The main causes are chromosomal abnormalities observed in women who have pathologies during pregnancy. The cause may be physical trauma, obstructive hydrocephalus, infectious diseases, hemorrhage, hereditary factors. Ventriculomegaly in the fetus is a cause for the development of Down, Turner and Edwards syndrome. Pathology affects changes in the heart, brain structures, and musculoskeletal system.

Ultrasound can help identify symptoms. Signs begin to appear as early as 20-23 weeks of pregnancy. There are cases of pathology detection at the beginning of the third trimester.

It occurs in pregnant women who give birth after 35 years of age. Young women giving birth are less susceptible to this diagnosis. According to statistics, the disease occurs in 0.6% of cases.

Types

There are three main types of pathology:

• the mild type is isolated. This type of serious treatment does not require;
• the middle type is characterized by enlargement of the ventricles, their size reaches 15 millimeters. The disease occurs with slight changes in the outflow of cerebrospinal fluid;
• the severe type is characterized by a significant increase in the ventricles of the newborn’s brain in combination with other brain pathologies;

Diagnostics

Diagnosis of ventriculomegaly is carried out at 17-33 weeks of pregnancy using ultrasound examination and spectral karyotyping of the fetus. The examination includes a complete study of the anatomical structures, especially the ventricular system of the brain.

A more accurate diagnosis is made on the basis of scanning the fetal head with the obligatory determination of the threshold value of the lateral ventricles of the brain.
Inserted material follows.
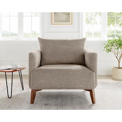 Bring modern comfort and cozy charm to your home with this 34.1" upholstered accent chair. Featuring a gently curved barrel silhouette and sleek armrest design, this barrel chair blends style and function with ease. Upholstered in soft, breathable polyester fabric and supported by sturdy wood legs, it offers a supportive seat that’s just right for reading, relaxing, or catching up with friends.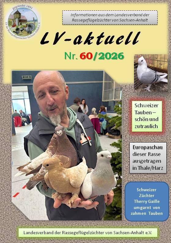 Unser Zuchtfreund Dirk Laumann, welcher der Ausstellungsleiter der geplanten Hauptsonderschau in Lehre im Januar 2028 sein wird, gab uns einen Einblick in seine bisherigen Überlegungen und Planungen in Vorbereitung der Ausstellung, welche von unserer SV-Gruppe Sachsen-Anhalt und dem Rassetaubenverein Harz-Heide ausgerichtet wird.

The disease occurs if the size of the ventricles is more than 10 millimeters.

Treatment

Treatment of ventriculomegaly is aimed at preventing the consequences that can cause this pathology. The most dangerous occurrence serious illnesses brain, central nervous system.

Drug treatment involves taking diuretics, antihypoxants, and vitamins. The doctor also prescribes massage, physiotherapy, which focuses on static loads of the pelvic floor and pelvic muscles.

Reception medicines, whose action is aimed at preventing the development of neurological disorders, is necessary for retaining potassium in the body.

If a disease is detected in a newborn, it is very difficult to predict how it will develop. In most cases, if the defect is isolated, the outcome of treatment will be normal. When the disease is combined in the fetus with chromosomal abnormalities, there is a high probability of developing severe neurological disorders.